PROBLEM TO WORK ON: Each record below should be returned exactly, with its pictures left out.

INFORMATION SUPPLIED:
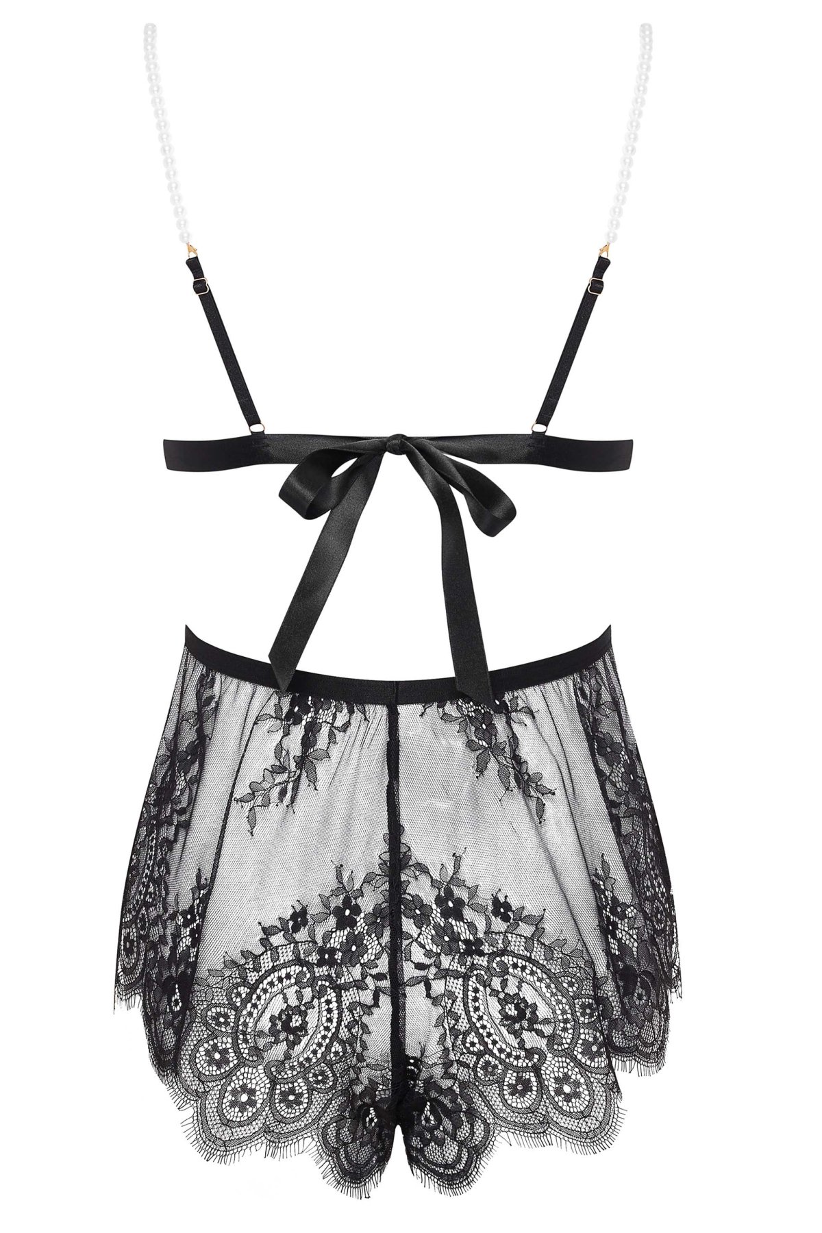 průhledná krajka s bohatým květinovým motivem střih zvýrazňující zadeček perlový řetízek vedený středem zadního dílu …
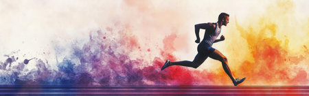 A focused runner dashes forward with determination against a backdrop of colorful watercolor splashes, capturing the vibrant energy of a dynamic athletic competition at dusk.
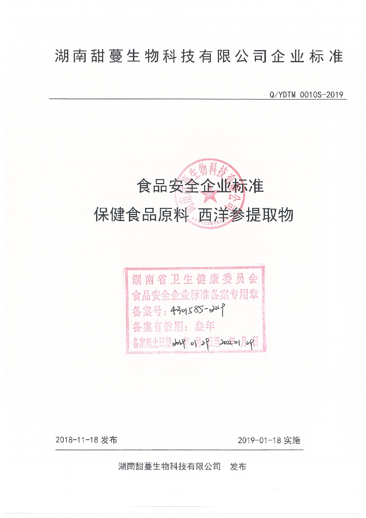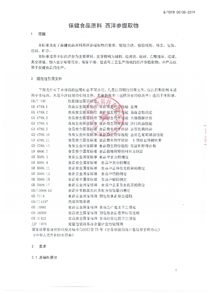 Q/YDTM 0010S-2019 保健食品原料 西洋参提取物
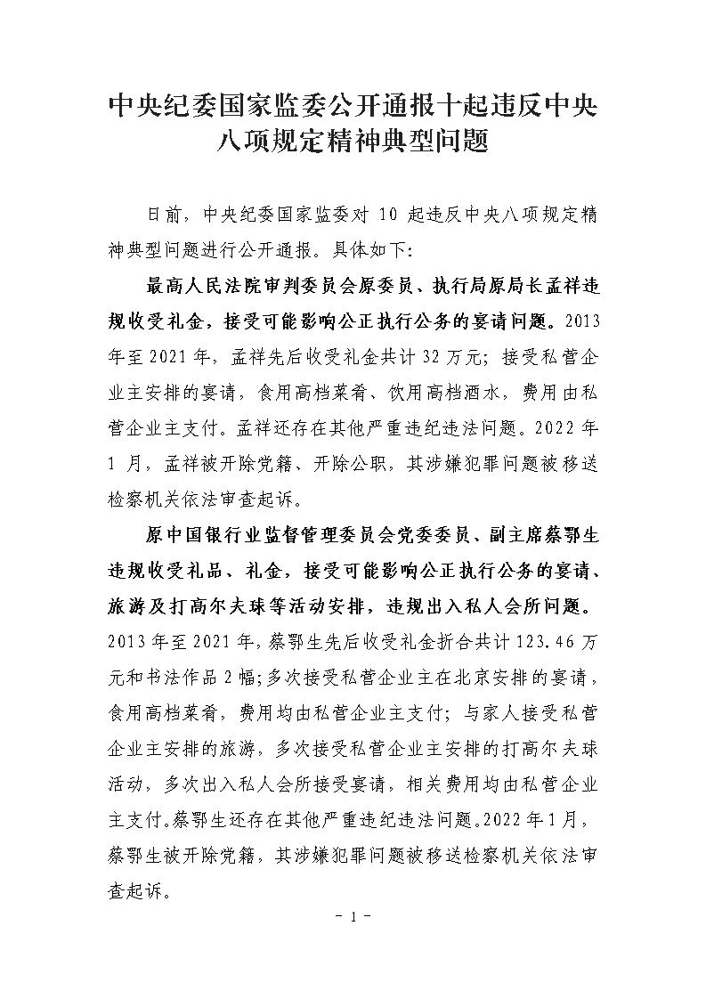 中央纪委国家监委公开通报十起违反中央八项规定精神典型问题
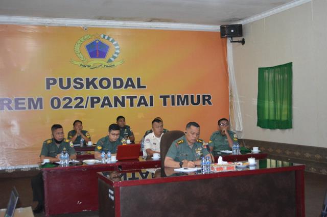 Pematang Siantar | Komandan Korem (Danrem) 022/Pantai Timur Kolonel Inf Luqman Arief, S.I.P., yang diwakilkan oleh Kepala Seksi Rencana Korem 022/Pantai Timur Letkol Kav A.R Dalimunthe, S.E., turut serta mengikuti Video Conference dalam rangka Rapat Evaluasi Sistek Info TNI AD Sem I TA 2022 kepada seluruh Operator Sisfo (Pers, Log, Ren dan Audit), kegiatan tersebut yang dilaksanakan bertempat di Ruang Puskodal Korem 022/Pantai Timur Jalan Asahan Km, 3.5 Nagori Siantar Estate Kecamatan Siantar Kabupaten Simalungun, Kamsi (21/07/2022).
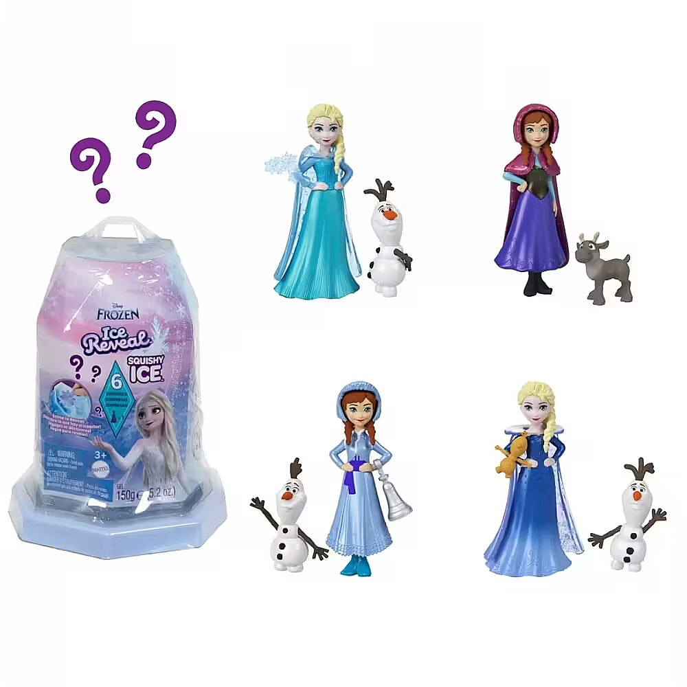 Description - Disney Frozen Ice Reveal Surprise Small Doll With Ice Gel Unboxing gets a sensory spin with Disney Frozen Ice Reveal dolls! To reveal the toys inside, kids use the snowflake scoop to dig through the Squishy Ice gel. The mystery small doll will be an Anna or Elsa doll in a signature look, plus an Olaf or baby Sven character friend. Additional surprises include a cape or hat, themed accessory and double-sided backdrop piece. For more play and display fun, kids can set up or store the doll and pieces in the ice-themed container. Each doll sold separately, subject to availability. Dolls cannot stand alone. Colors and decorations may vary. Inspired by the animated characters from Disney's Frozen and Disney's Olaf's Frozen Adventure, Ice Reveal dolls each come with 6 surprisesall hidden in Squishy Ice! Kids start by opening the ice-themed container and using their 'ice powers' to dig through the gel-like Squishy Ice with the snowflake scooprevealing mystery bags filled with surprises! Each set includes a surprise Anna or Elsa small doll (3.5 inches) and a fan-favorite character friend: Olaf the snowman or Sven the reindeer as a baby. Additional surprises include a cape or hat, a themed accessory and a double-sided backdrop that fits inside the container. Kids can arrange the backdrop, doll and play pieces in the container for play and display fun. Mystery Disney Frozen characters include Anna and Elsa from both Frozen and Olaf's Frozen Adventure. Fans can collect them all! Makes a perfect gift for kids to play out their favorite movie moments or make up their own adventures! Product shipped randomly, it is not possible to select a specific model. The price is for 1 pc.

RESPONSE TO THIS EXERCISE:
 průhledná krajka s bohatým květinovým motivem střih zvýrazňující zadeček perlový řetízek vedený středem zadního dílu …
 A focused runner dashes forward with determination against a backdrop of colorful watercolor splashes, capturing the vibrant energy of a dynamic athletic competition at dusk.
 Q/YDTM 0010S-2019 保健食品原料 西洋参提取物
 中央纪委国家监委公开通报十起违反中央八项规定精神典型问题
 Pematang Siantar | Komandan Korem (Danrem) 022/Pantai Timur Kolonel Inf Luqman Arief, S.I.P., yang diwakilkan oleh Kepala Seksi Rencana Korem 022/Pantai Timur Letkol Kav A.R Dalimunthe, S.E., turut serta mengikuti Video Conference dalam rangka Rapat Evaluasi Sistek Info TNI AD Sem I TA 2022 kepada seluruh Operator Sisfo (Pers, Log, Ren dan Audit), kegiatan tersebut yang dilaksanakan bertempat di Ruang Puskodal Korem 022/Pantai Timur Jalan Asahan Km, 3.5 Nagori Siantar Estate Kecamatan Siantar Kabupaten Simalungun, Kamsi (21/07/2022).
 Description - Disney Frozen Ice Reveal Surprise Small Doll With Ice Gel Unboxing gets a sensory spin with Disney Frozen Ice Reveal dolls! To reveal the toys inside, kids use the snowflake scoop to dig through the Squishy Ice gel. The mystery small doll will be an Anna or Elsa doll in a signature look, plus an Olaf or baby Sven character friend. Additional surprises include a cape or hat, themed accessory and double-sided backdrop piece. For more play and display fun, kids can set up or store the doll and pieces in the ice-themed container. Each doll sold separately, subject to availability. Dolls cannot stand alone. Colors and decorations may vary. Inspired by the animated characters from Disney's Frozen and Disney's Olaf's Frozen Adventure, Ice Reveal dolls each come with 6 surprisesall hidden in Squishy Ice! Kids start by opening the ice-themed container and using their 'ice powers' to dig through the gel-like Squishy Ice with the snowflake scooprevealing mystery bags filled with surprises! Each set includes a surprise Anna or Elsa small doll (3.5 inches) and a fan-favorite character friend: Olaf the snowman or Sven the reindeer as a baby. Additional surprises include a cape or hat, a themed accessory and a double-sided backdrop that fits inside the container. Kids can arrange the backdrop, doll and play pieces in the container for play and display fun. Mystery Disney Frozen characters include Anna and Elsa from both Frozen and Olaf's Frozen Adventure. Fans can collect them all! Makes a perfect gift for kids to play out their favorite movie moments or make up their own adventures! Product shipped randomly, it is not possible to select a specific model. The price is for 1 pc.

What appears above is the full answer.